The lever cap, along with the current design of metal hand plane, was patented by Leonard Bailey in 1858.
There have been minor revisions over the years, but the lever cap has remained functionally unchanged for the last 160 years since its invention.
What Does the Lever Cap Do?
The lever cap holds the blade assembly (cap iron and plane iron) tight to the bed of the frog. The lever cap removes the need for a wedge to secure the blade, as on traditional wooden planes. This is one of the features on the Bailey plane design that gets rid of the need for a hammer to adjust the plane.
The lever cap places even force across the edge of the chip breaker and plane iron.
This is necessary because metal planes have a thin blade that can flex and vibrate during use, which is called chatter. Chatter on the blade can result in an uneven wood surface and cause the blade to loosen over time.
By pressing down evenly across the cap iron and plane iron, the lever cap makes these three pieces act like one solid wedge.
How Does the Lever Cap Work?
The lever cap works by using a cam lock to apply tension between the cap screw and the frog to which it’s attached.
The cam lock has two settings, tight and loose.
There’s a flat spring attached to the bottom of the lever cap that makes it snap to one of two positions.
The fulcrum of the lever has a square shape with one wider side. When that side is up it puts tension on the blade assembly and holds it to the frog.
Tuning the Lever Cap
The tension on the lever cap is fine-tuned by rotating the cap screw with a flathead screwdriver. As you get experience tuning a hand plane, you will learn to feel a perfect fit on the lever cap. Functionally, it should be tight enough that the blade doesn’t shift while you’re operating the hand plane, but loose enough that it is easy to adjust the blade with the depth adjustment nut and the lateral adjustment lever.
Honing the Lever Cap
Start by placing the lever cap vertically on a whetstone or lapping plate. Pull it in a straight line, keeping it vertical. Repeat until the edge of the lever cap is straight.

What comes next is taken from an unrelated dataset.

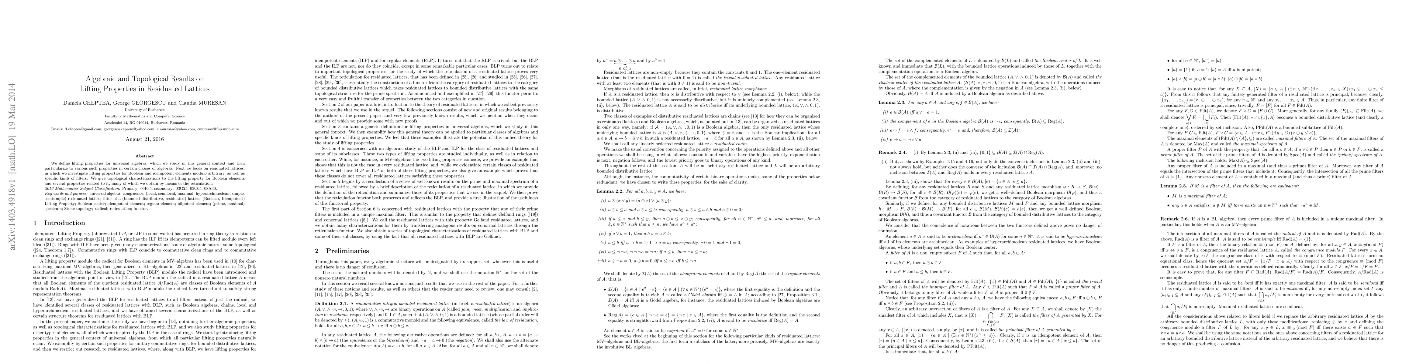 This paper defines lifting properties in universal algebras and examines them specifically within residuated lattices, focusing on Boolean and idempotent elements under different filter types. It provides topological characterizations of these properties, utilizing reticulations for several results.

Once the edge has been honed, switch to the bottom face of the lever cap. Slide that back and forth against the whetstone to flatten 1/8″ to 1/4″ on the end. Take caution to hold a consistent angle while honing this face.

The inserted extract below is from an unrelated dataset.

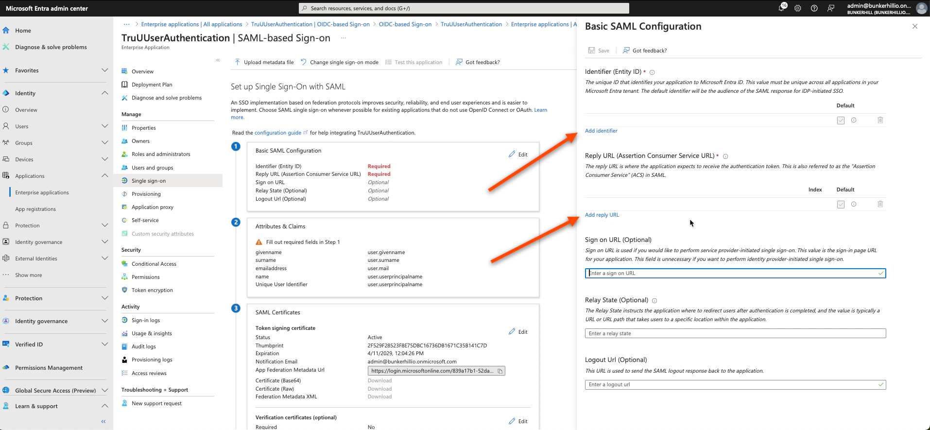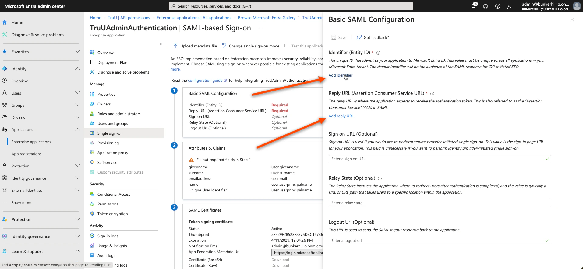 - Click Add Identifier and Add Reply URL and follow the steps below to get the values you need

Continue honing the bottom face until there is a flat continuous plane. This will ensure a solid connection with the chip breaker (cap iron).
After honing the lever cap, make sure to treat it with a rust inhibitor to protect the newly exposed metal. You can use oil, paste wax, or Boeshield T-9*, which is my favorite because it goes on as a liquid and dries like a wax.
Now that the lever cap has been honed, it will make solid contact along the chip breaker and ensure that this part of the hand plane is tuned properly.